Rogers M. Smith is the Christopher H. Browne Distinguished Professor of Political Science. He is the author or co-author of many articles and seven books, including Political Peoplehood, Still a House Divided: Race and Politics in Obama’s America with Desmond S. King, Stories of Peoplehood: The Politics and Morals of Political Membership, and Civic Ideals: Conflicting Visions of Citizenship in U.S. History. Civic Ideals received six best book prizes from four professional associations and was a finalist for the 1998 Pulitzer Prize in History. Smith was elected a Fellow of the American Academy of Arts and Sciences, the American Academy of Political and Social Science, and the American Philosophical Society. He is currently President of the American Political Science Association.

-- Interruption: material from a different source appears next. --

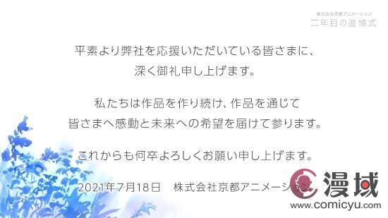 在视频的最后,京都动画表达了对观众们的感激,同时也承诺:“我们会继续创作,创作出为大家带来感动以及对未来希冀的作品。感谢你们的支持!”
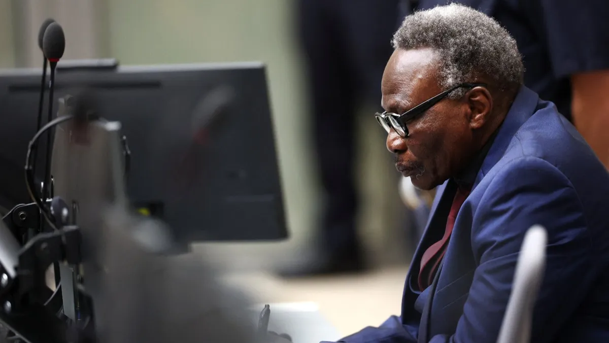 علي محمد عبد الرحمن المشتبه به بارتكاب جرائم حرب في منطقة دارفور بالسودان خلال إحدى جلسات محاكمته في المحكمة الجنائية الدولية في لاهاي. هولندا. 6 أكتوبر 2025 - reuters

Domenic Vitiello is Associate Professor of City Planning and Urban Studies. He teaches The Immigrant City for undergraduates and Migration and Development for graduate students. His recent research has focused on the destruction and preservation of Chinatowns in the United States and Canada; migrant-led transnational development in the U.S., Mexico, and West Africa; and migrant communities’ engagement in urban agriculture around the world. His most recent book is an edited volume with Tom Sugrue, Immigration and Metropolitan Revitalization in the United States. Domenic is currently writing a book titled The Sanctuary City that examines Central American, Southeast Asian, African, Arab, and Mexican immigration to Philadelphia since the 1970s.